Adults with possible cancer symptoms often have pre-existing health problems (hereafter called comorbidities). Although it is believed that comorbidities can influence the timeliness of diagnosis of cancer and decisions about testing strategies, evidence on the underlying mechanisms and on morbidity-specific effects is scant.
The overall aim is to generate evidence for optimising diagnostic strategies in patients with comorbidities experiencing possible cancer symptoms, in order to improve diagnostic timeliness. The project will have a specific focus on the role of morbidities in diagnoses of cancer as an emergency. Specific objectives include:
1. a) To systematically evaluate the available evidence on the effects of comorbidity, overall and for specific conditions, on each step along diagnostic pathways and develop a comprehensive conceptual framework.
b) Inform and validate the conceptual framework using qualitative approaches to acquire lay and healthcare professional input regarding key mechanisms by which comorbidity may influence each step of the diagnostic process.

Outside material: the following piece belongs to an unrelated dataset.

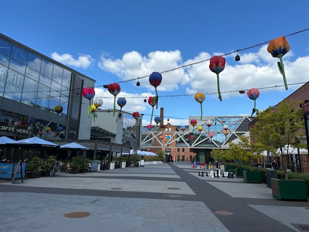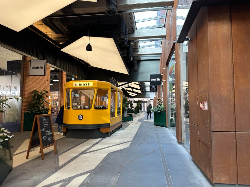 We walk down a passage way that is decorated with random items. We watch some kids kick a ball around. It appears to be a pop up art installation in the middle of a residential street.

2. Analyse primary and secondary care data in order to evaluate diagnostic processes and healthcare utilisation patterns and identify testing strategies associated with increased or reduced risk of prolonged diagnostic intervals and/or emergency presentation in patients with different comorbidities.
3. Develop a grant/fellowship application, aiming to acquire competitive external funding, for a project that will further enhance the analytical work and include developing and assessing the feasibility in a UK primary care setting of an experimental intervention.
A critical literature review will be performed evaluating the evidence on the effects of comorbidities, overall and by specific morbid condition, on each step along the diagnostic pathways, from symptomatic presentations to investigations. A comprehensive framework will be developed to elucidate the mechanisms through which comorbidities can facilitate or interfere with timely cancer diagnosis. The framework development will also be informed and validated by interviewing healthcare professionals (including GPs and specialist doctors) and members of the public who will provide their input and enhance our understanding of the mechanisms by which comorbidity may influence the diagnostic process.
Using primary care, secondary care and cancer registration data we will analyse diagnostic processes and healthcare utilisation patterns pre-cancer diagnosis among patients with specific comorbidities by diagnostic route taking into account presenting symptoms, patient and healthcare factors.
The project will shed light on mechanisms through which specific comorbidities can influence the diagnostic process and increase the risk of emergency presentations in certain patient groups. Possible targets for interventions to improve the diagnostic process for new symptom onset in comorbid patients will be identified.